Any major event sends people scurrying to news Web sites, but the war hasn't created the same traffic levels that came after the Sept. 11, 2001, terrorist attacks or the space shuttle disaster, said Pete Allor, head of information technology and sharing analysis at Internet Security System in Atlanta.
A site that monitors the Internet, Keynote Systems in San Mateo, Calif., found that the Internet was operating normally with only a few exceptions. Those exceptions included two military sites that are available to the public (www.army.mil, www.usmc.mil) and some sites in Europe.
AL-RUWEISHID, Jordan -- Refugee officials say poverty, fear, ignorance and possibly intimidation are keeping people home, in contrast with the 1991 Persian Gulf War, when some 1.8-million Iraqis fled the country.
"I think everyone's breathing a sigh of relief," said Chris Lom, spokesman for the Geneva-based International Organization for Migration. "On the basis of the last Gulf War, I think everyone's surprised."
Aid officials planned for 600,000 people to flee the country in the initial stages of war, with about half going to Iran and the rest to Turkey, Saudi Arabia, Jordan and Syria.
But five days into the conflict, the only reported refugees are 14 people -- two families -- who fled coalition bombing of Mosul in northern Iraq and headed northwest into Syria on Sunday.
At many border crossings, more traffic is entering Iraq than leaving. Dozens, perhaps hundreds, of Iraqis have returned from Jordan in recent days, saying they want to help their country repel the invading army.
SAN FRANCISCO -- A lot about reporter Carl Nolte's latest assignment feels familiar.
He is covering a war in the Persian Gulf for the San Francisco Chronicle, just as he did in 1991, traveling this time with an Army infantry unit in which he once served as a soldier. But that was 46 years ago.
At 69, Nolte may be the oldest journalist to go into combat with U.S. troops in the Middle East.
It's hard to know for certain whether any of the other 600 civilian reporters and photographers on the war's front lines are older. The government says it didn't gather the birth dates of the journalists "embedded" with the troops.
ABC-TV's Ted Koppel, perhaps the most prominent of the experienced reporters traveling with the military, is 63.

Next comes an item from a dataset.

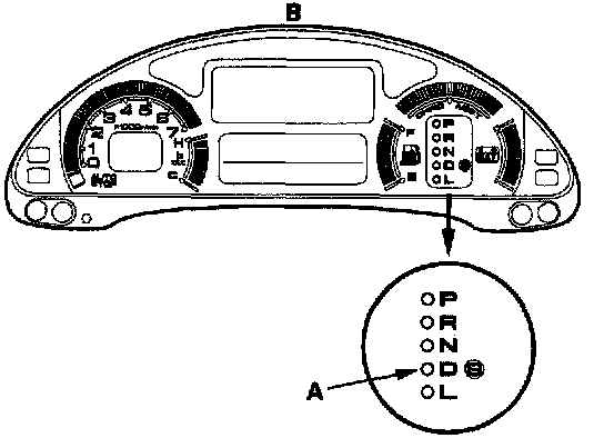 How to Check for DTCs with the Honda PGM Tester/Scan ToolWhen the transmission control module (TCM) senses an abnormality in the input or output systems, the [D] indicator light (A) in the gauge assembly will usually blink and/or the Malfunction Indicator Lamp (MIL) may come on.
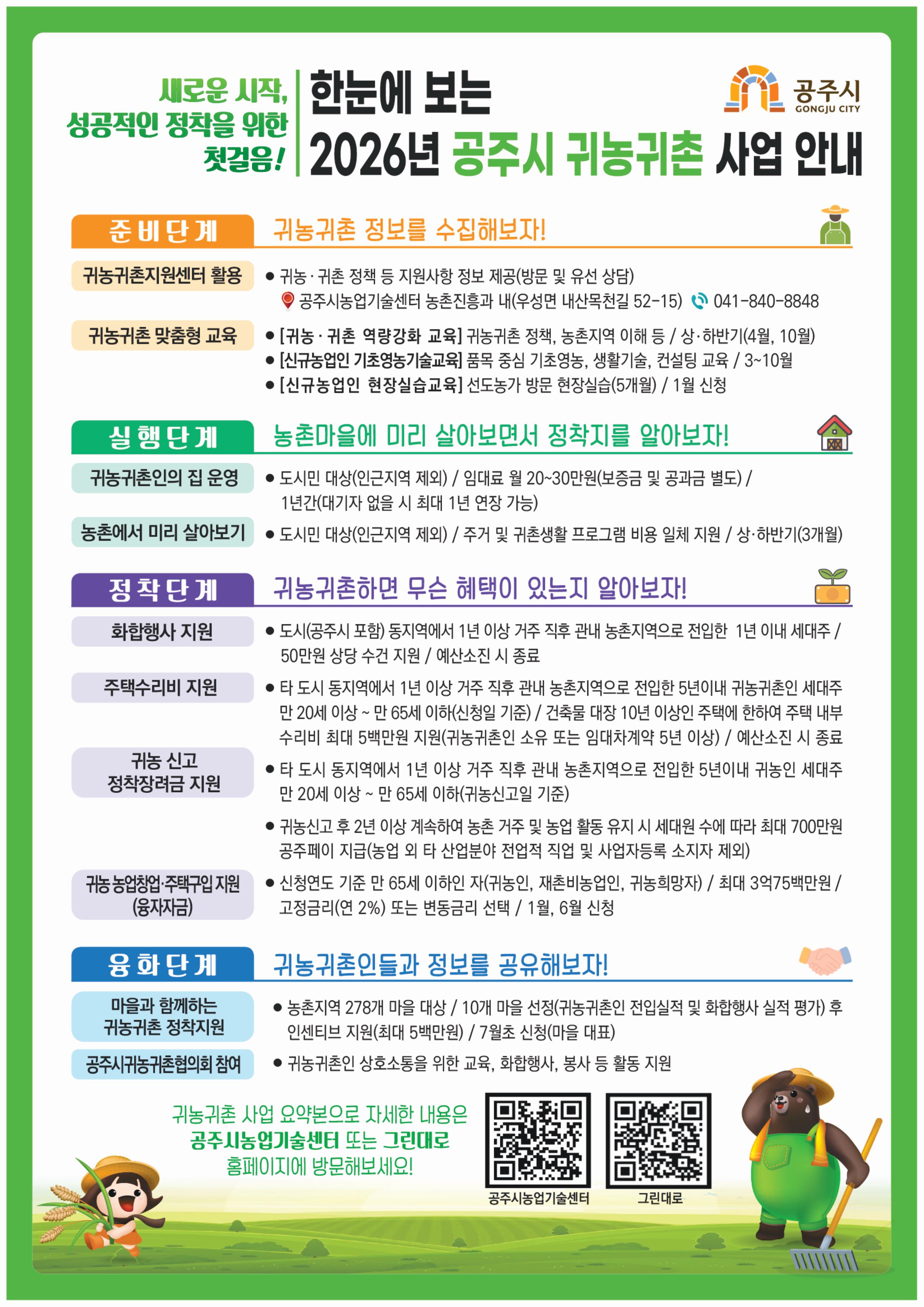 한눈에 보는 2026년 공주시 귀농귀촌 사업 안내

AMMAN, Jordan -- Jeremy Levin, once held hostage in Lebanon by Muslim extremists, is now a Christian peace activist.
Now he hopes to bear witness in Baghdad. Levin, 71, was a CNN television producer when he was held captive by Lebanese militants in 1984-85. Now, he heads a group of Christian Peacemaker Team members, eight Americans and one Briton, who are planning to join 20 fellow antiwar activists already in Baghdad.
His group, including his wife, Sis, 71, received entry visas from the Iraqi Embassy in Amman on Monday and planned to set out for the Iraqi border today.